= Alison Gingell =

Alison Gingell was the chair of the Coventry Primary Care Trust from 2002 until 2013. She was also a Labour councillor in Coventry from 2012 until 2016.

==Career==
After graduation, Gingell worked for the British Pregnancy Advisory Service in Coventry and then in health education.

In 1979 she became a magistrate and was also a school governor.

She chaired the Coventry Primary Care Trust from 2002 until 2013, having previously been the vice-chair between 1995 and 2002. This administrative body within the National Health Service was responsible for commissioning all the primary, community and secondary health services within the Coventry and Warwickshire region. Her special interests were the rights and health of women and children. She was appointed to a Department of Health and Social Care strategy group in recognition of her achievements, including development of Coventry's new hospital.

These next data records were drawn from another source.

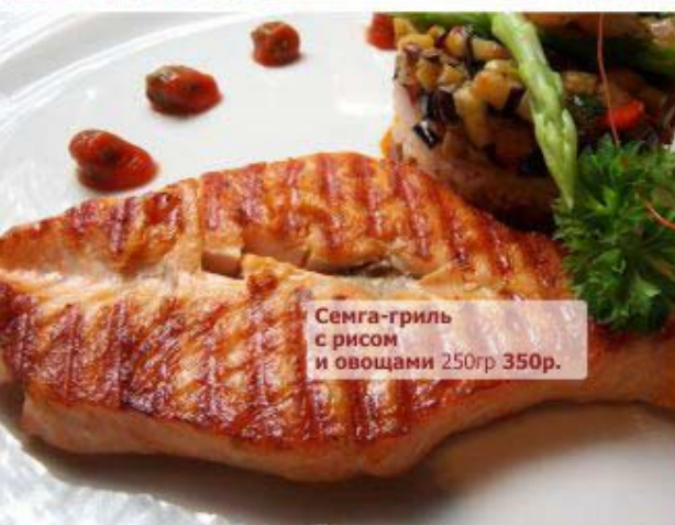
Семга-гриль с рисом и овощами 250гр 350р.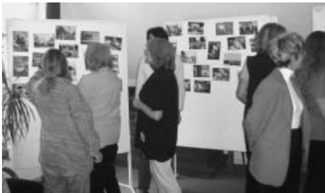
Die „Toleranten“ bauten extra eine Fotowand auf

Aber die magische Zeitgrenze 10:30 Uhr rückt immer näher, und siehe da, als ich abermals die Rechtsradikalismus-Faschismusgruppe besuche, ist der Referent schon da und trägt mit seiner Gitarre Lieder mit dazu passender Problematik vor. Das gibt gute Fotos!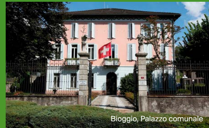
Bioggio, Palazzo comunale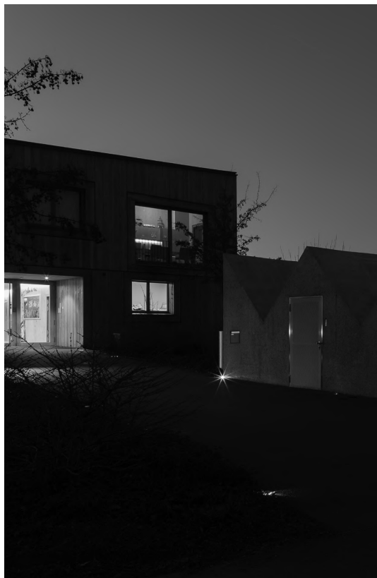
Les Couleurs du Monde, Genève, Architecture: Lacroix Chessex SA.

bâtiments, avec un maximum de trois créneaux de visites par jour. Cette planification est rarement modifiée. Peu importe l'heure bleue, l'ensoleillement, les conditions météorologiques ou la saison. Par exemple, tous les bâtiments de la monographie de José María Sánchez García (189) ont été photographiés en trois jours de soleil consécutifs en Estrémadure (Espagne), alors que ceux de l'une des monographies de SANAA - Sejima & Nishizawa (139) montrent des conditions météorologiques variables dans différents endroits du Japon, d'Europe et d'Amérique. Le point de vue, soigneusement choisi, discuté et validé par Levene et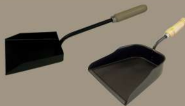
PALA METÁLICA RECOGE CENIZAS Con puño de madera largo. Para chimeneas de leña, y estufas de pellet y carbón, que nos facilitara la extracción de cenizas.

9687762 9678420 6.5x17.5x47.5cm. 24x23cm.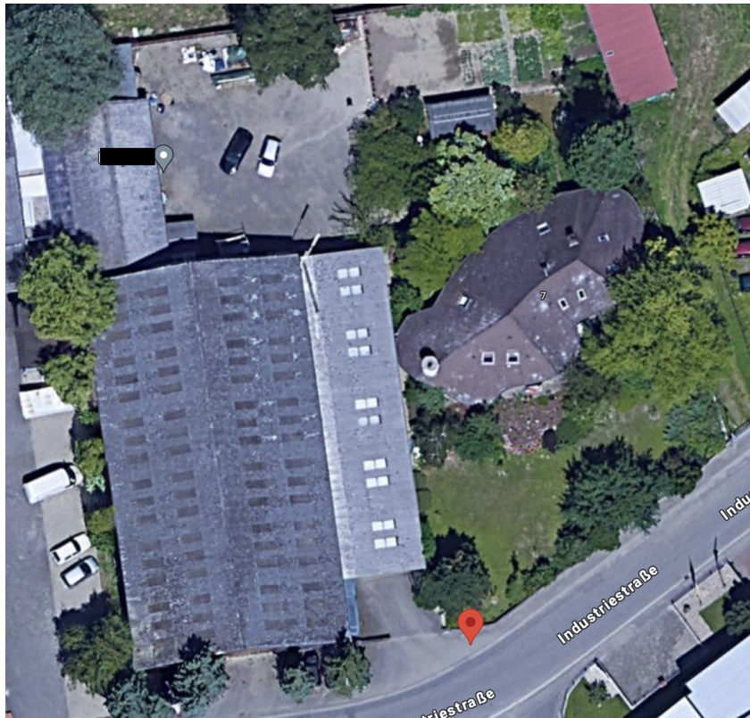
Halle, Werkstatt, Hof, Haus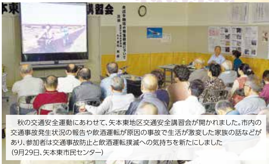
秋の交通安全運動にあわせて、矢本東地区交通安全講習会が開かれました。市内の交通事故発生状況の報告や飲酒運転が原因の事故で生活が激変した家族の話などがあり、参加者は交通事故防止と飲酒運転撲滅への気持ちを新たにしました(9月29日、矢本東市民センター)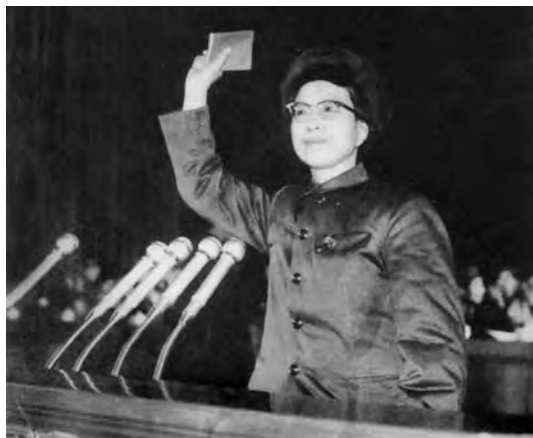
Цзян Цин во время «культурной революции». Февраль 1967 г.

Вскоре были сняты с постов четыре заместителя начальника Генштаба, арестованы 20 его высокопоставленных работников, отстранены от работы начальни-

In 2012 she was elected to Coventry City Council as a Labour Party councillor for Sherbourne ward, having previously stood unsuccessfully as a candidate in Cheylesmore ward. She held the portfolio for health and adult services from May 2013 until May 2015. As part of the latter she led the city's information campaign against female genital mutilation from 2014.

For almost 30 years, Gingell was the proprietor of a shop in central Coventry called Woman at Large that opened in the late 1980s.

==Personal life==
Alison Jane Gingell was the third of her parents' nine children. She lived in Ely, Cambridgeshire as a child and attended Ely High School for Girls. She was the first in her family to go to university and moved to Coventry in 1969 to attend University of Warwick. She married Bob Gingell while she was still a student and they had two children.

She died on 17 April 2016, some time after having a diagnosis of motor neurone disease.

==Legacy==
The Alison Gingell Building at Coventry University, for the study of science and health, was named after her in June 2016.